Authored by: GaelicWizard on Aug 12, '04 11:51:53PM

Your fantasy of security is slightly off centre.

"at worse" you system will die. If the window server cannot malloc memory, then it will freeze. Once it has froze, you can ssh in and start killing things to free memory, but then you lose unsaved work. If you can't free enough to un-freeze the window server, then its dead.

If someone roots your machine through some yet-to-be-discovered remote exploit that you have left on your machine even after a patch is released (which would happen within days), then they have access to the kernel and can grab passwords from memory, forget the swap file.

If someone has root, then you're screwed. If your fantasy of keeping passwords off disk makes you feel special, then by all means go for it, it will only prevent you from working efficiently. Recommending that others do it is irresponsible.
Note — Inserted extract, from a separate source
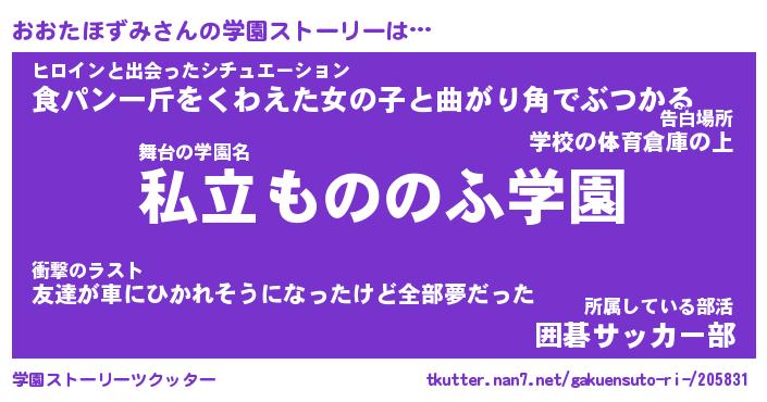 | 男性向けラノベタイトル風あだ名 | 『おおたほずみの憂鬱』 |

I have tried the grepping for password trick and it is particularly disturbing that my password showed up a dozen times, since then I have made sure that my login password and the root (if you make the mistake to enable root) password are different from all my other passwords and have discovered that I am unable to find my password in memory. I do not know if this is sufficient proof that this "hole" is not as bad as you pretend, but it is does mean that there is almost no way for someone to crack my passwords, assuming that they can somehow get root to see my swap files anyway.

Of course, it is ridiculously easy to extract passwords from /etc/passwd, netinfo, and even panther's shadow-hash, if you have root. Go check out John the Ripper, it might bother you sufficiently to go delete your hard drive to make sure your passwords are safe.